• _Required action_: Word for word, return each entry that follows, with every image removed.

(Beginning of Exercise material)

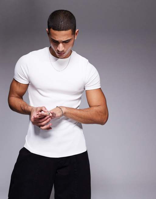 ASOS DESIGN – Geripptes Basic-T-Shirt in Weiß mit körperbetontem Schnitt
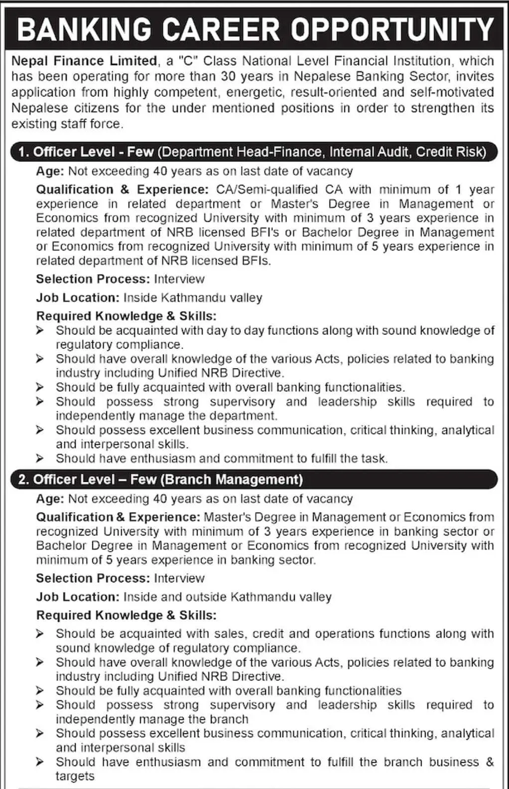 नेपाल फाइनान्स कम्पनी लिमिटेडले विभिन्न पदका लागि कर्मचारी माग गरेको छ ।
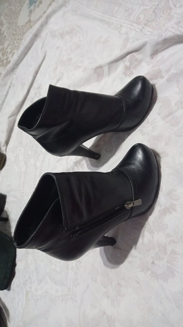 Siyah Deri Stiletto Topuklu Kadın Bot
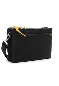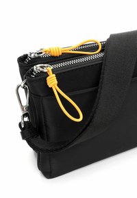 Zwarte rechthoekige crossbodytas met verstelbare band, gele ritstrekker, voorvak en klein logolabel op witte achtergrond.
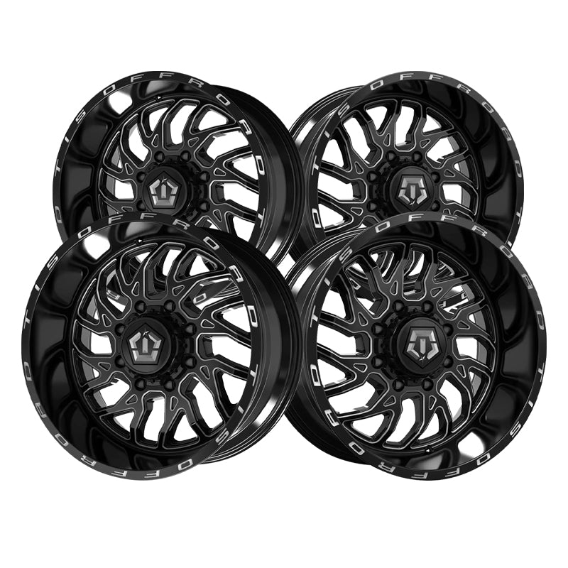 1 X TIS 544BM Dually 20X8.25 8X210 154.3 Hub -198 Offset Gloss Black w/Milled Accents Wheel Rim
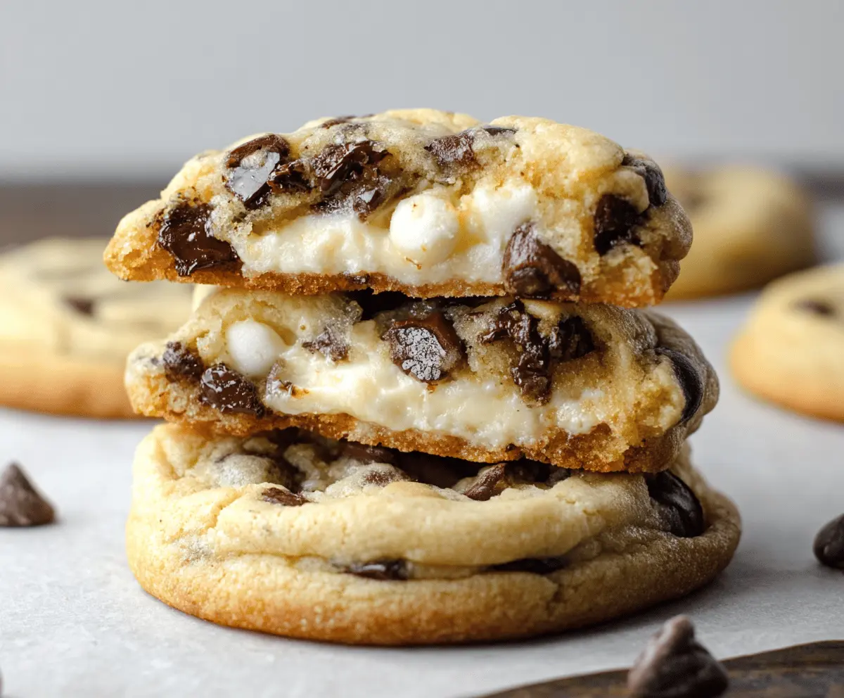 These Chocolate Chip Cheesecake Cookies are a yummy treat! They combine creamy cheesecake filling with soft cookie dough and chocolate chips. It’s like holding dessert in your hand!

(End of Exercise material)

• _Response_:
 ASOS DESIGN – Geripptes Basic-T-Shirt in Weiß mit körperbetontem Schnitt
 नेपाल फाइनान्स कम्पनी लिमिटेडले विभिन्न पदका लागि कर्मचारी माग गरेको छ ।
 Siyah Deri Stiletto Topuklu Kadın Bot
 Zwarte rechthoekige crossbodytas met verstelbare band, gele ritstrekker, voorvak en klein logolabel op witte achtergrond.
 1 X TIS 544BM Dually 20X8.25 8X210 154.3 Hub -198 Offset Gloss Black w/Milled Accents Wheel Rim
 These Chocolate Chip Cheesecake Cookies are a yummy treat! They combine creamy cheesecake filling with soft cookie dough and chocolate chips. It’s like holding dessert in your hand!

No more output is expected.